5/25/09

COFFEE UP

kindly note the worker not behind counter.

UNTIL RECENTLY, I ALMOST ALWAYS FIXED MY MORNING CAFFEINE DOSE AT HOME on my Tarje coffeemaker, a.k.a. Fisher Price's My First Coffee Machine. A carton (well, cylindrical container) of coffee from Trader Joes is $7, and that normally lasts me a couple of weeks, unless it's Crunch Time, which it's never not. But for the last few months, I have been acquiring my morning mug 'o mud from the new Coffee Bean stall inside the Ralphs in the Culver Center across the street.

Now, why would the man whose last post made it clear that his finances are currently best measured in cents spend almost ten dollars a week on coffee? Three reasons. First, the coffee I make at home tastes like shit. Hot, heavily diluted motor oil comes to mind. Obviously, or maybe not so obviously, I've never (yet) drank hot, heavily diluted motor oil, but it comes to mind nevertheless. Second, since I "work" from home, that morning walk down the block is often the only air I get all day that isn't loaded with marijuana smoke, swine flu germs and the scent of beagle-chihuahua crap. Finally, the Coffee Bean stall in Ralphs is a fucking hoot, from the lawn furniture thoughtfully placed in front to the surly young security guard who eyes me murderously whenever I walk in wearing my blood-red Alife shoes.

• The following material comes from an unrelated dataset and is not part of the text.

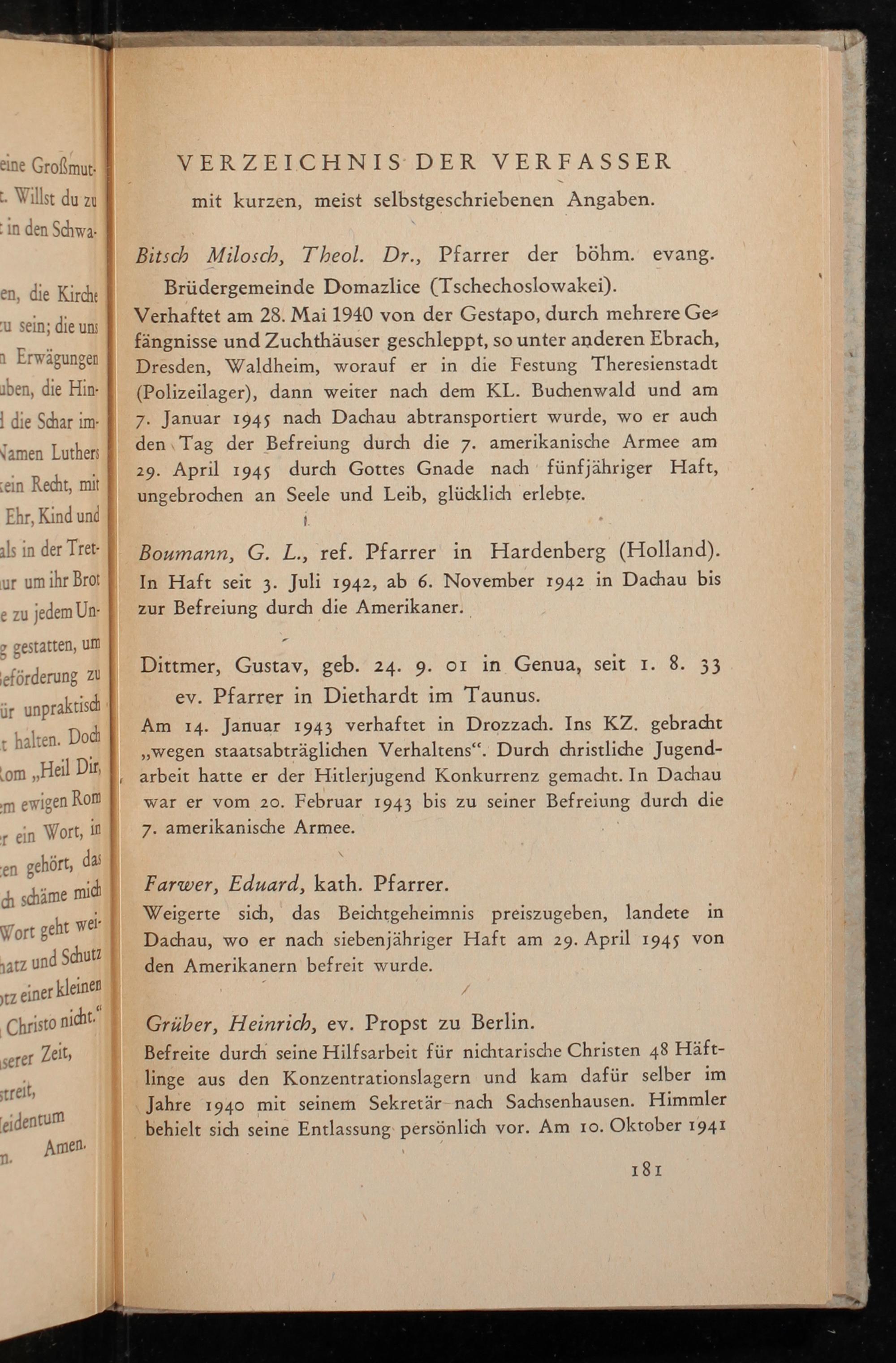 Bitsch Milosch, Theol. Dr., Pfarrer der böhm. evang. Brüdergemeinde Domazlice( Tschechoslowakei ). Verhaftet am 28. Mai 1940 von der Gestapo , durch mehrere Gefängnisse und Zuchthäuser geschleppt, so unter anderen Ebrach , Dresden, Waldheim, worauf er in die Festung Theresienstadt ( Polizeilager), dann weiter nach dem KL. Buchenwald und am 7. Januar 1945 nach Dachau abtransportiert wurde, wo er auch den Tag der Befreiung durch die 7. amerikanische Armee am 29. April 1945 durch Gottes Gnade nach fünfjähriger Haft, ungebrochen an Seele und Leib, glücklich erlebte.

Consider this morning's outing, if you will. Waiting for me at the sliding doors was a crusty, middle-aged man of homeless origin, looking and acting distinctly less insane than he was last time I saw him in much the same spot, yammering away to himself through slobbery lips, dressed something like Jesus after a long fall down a filthy hill.

In a stroke of luck, Dolly, the woman who works the Coffee Bean stall, was behind the counter when I walked up. Normally when I show up, several grumpy people are milling around the cashier area straining to look like they're not being helped, at which point one of the Ethiopian or possibly Eritrean deli women will beg Dolly at least several times via supermarket intercom to return to the CB counter. Eventually she will show up, explicitly remind everyone in line of her daily break time, which always changes, and serve us our drinks in cups bearing the faint yet unmistakeable aroma of Marlboro Red.

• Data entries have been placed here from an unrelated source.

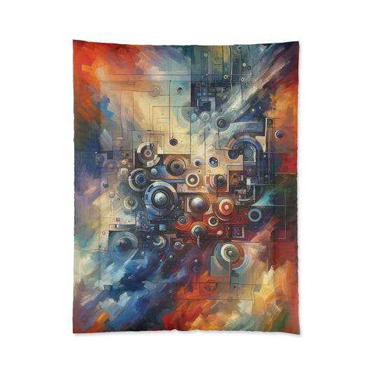 Tech Gratitude Fusion is a compelling vertical Tachism style painting, brimming with abstract expression and vibrant colors. The artwork evokes the sense of gratitude and generosity through the lens of technology. Central to the piece are mechanical and geometric configurations, reminiscent of intricate circuitry or machinery. These elements are infused with warmer tones at the base, gradually transitioning to cooler hues towards the top, symbolizing perhaps a spectrum of human emotions intertwined with the digital age. Curves intersecting with straight lines, spheres, and concentric circles dominate the scene, sparling in a sort of organized chaos that suggests complexity and connectivity. Some shapes are detailed with what appear to be screws or rivets, reinforcing the technical theme. The painting masterfully integrates the stark, precise nature of technology with the free-flowing, dynamic strokes typical of Tachism, an art movement focused on the tactile aspect of painting. This convergence is achieved with bursts of colors, from deep oranges and reds to blues and creams, each brushstroke contributing to an overall sense of movement and harmonious complexity. Highlighted areas and shadows give the image depth, making the technological components pop out of the canvas against the abstract background, as if signifying the emergence of gratitude and giving from within the digital realm.
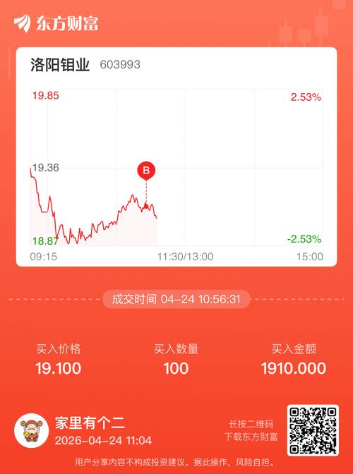$洛阳钼业(SH603993)$ 今日成交股票: 操作原因:脑子抽风了!
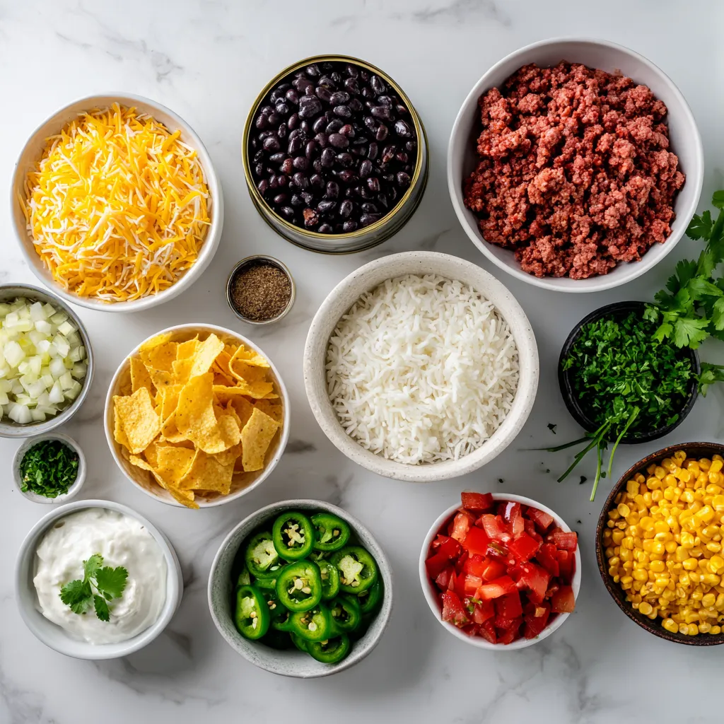 Each ingredient plays a key role in creating layers of flavor. The ground beef gives a hearty base. Onions and garlic add a sweet touch. Taco seasoning brings the zest, while beans and corn provide texture. The rice binds it all together. Toppings like cheese and chips make it fun and crunchy. Jalapeños can add heat, and cilantro gives freshness. This combo makes for a tasty family dinner.

When I got there today she was chastising a man in fluorescent shorts for spending thirty minutes taking the morning paper apart, reading it front to back and attempting to stealthily place it in a crumpled mass atop the pile of neatly folded newspapers he picked it up from. Then she regaled me with a story about a loud kid with Down Syndrome who was really getting on her nerves in the doctor's office yesterday.

But this morning's highlight was when the aforementioned hobo suddenly left his post by the sliding doors, sailed past me and Dolly at the CB counter and strode purposefully through the swinging kitchen doors behind the deli counter to a chorus of wails from the deli women. Seconds after Dolly tore him a new one via intercom, he walked sheepishly back out, claiming he "didn't see anyone behind the counter to pay". Mild disbelief aside, none of the staff seemed to particularly care. They even let him buy a chicken wing, which he ate on one of the lawn chairs. He left the bones on the table.

I kinda didn't wanna leave.


2 comments:

  1. OH MAN, THIS IS THE SHIT...SHE RIPPED HIM A NEW 1, VIA INTERCOM...TOO FUNNY.

    ReplyDelete
  2. never a dull moment at the plaza... good to know im not the only one getting murderous stairs from a boyish looking security guard.